### MATERIALS PROVIDED

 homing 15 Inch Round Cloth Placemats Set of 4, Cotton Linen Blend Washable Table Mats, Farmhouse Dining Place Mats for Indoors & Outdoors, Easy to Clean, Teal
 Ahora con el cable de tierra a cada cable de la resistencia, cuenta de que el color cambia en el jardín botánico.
* * *
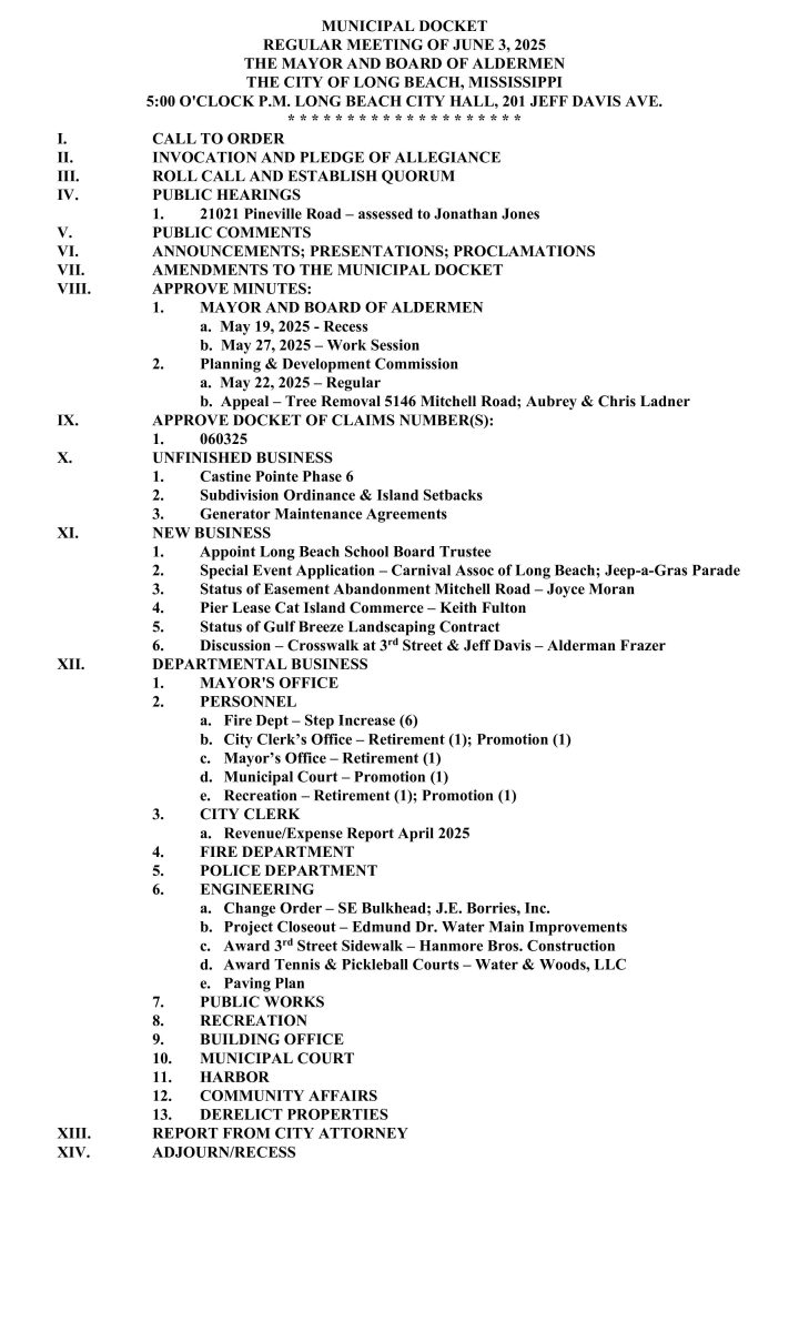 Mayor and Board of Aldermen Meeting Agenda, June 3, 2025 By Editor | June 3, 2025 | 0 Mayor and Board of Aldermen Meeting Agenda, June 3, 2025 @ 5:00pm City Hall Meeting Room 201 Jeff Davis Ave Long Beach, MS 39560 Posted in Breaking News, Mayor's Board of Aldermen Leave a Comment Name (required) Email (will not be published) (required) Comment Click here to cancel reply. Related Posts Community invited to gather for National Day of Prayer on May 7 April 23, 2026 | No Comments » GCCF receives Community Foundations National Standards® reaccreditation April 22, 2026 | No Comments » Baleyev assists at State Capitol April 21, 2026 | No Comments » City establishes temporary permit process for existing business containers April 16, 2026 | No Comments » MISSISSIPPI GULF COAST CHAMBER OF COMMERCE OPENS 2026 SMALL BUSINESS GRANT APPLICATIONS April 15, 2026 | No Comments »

### PROBLEM STATEMENT
Using the data above, transcribe the lines that run from the line with "homing 15 Inch" to the line with "Ahora con el", both ends kept, and output nothing else.

### WRITTEN ANSWER
 homing 15 Inch Round Cloth Placemats Set of 4, Cotton Linen Blend Washable Table Mats, Farmhouse Dining Place Mats for Indoors & Outdoors, Easy to Clean, Teal
 Ahora con el cable de tierra a cada cable de la resistencia, cuenta de que el color cambia en el jardín botánico.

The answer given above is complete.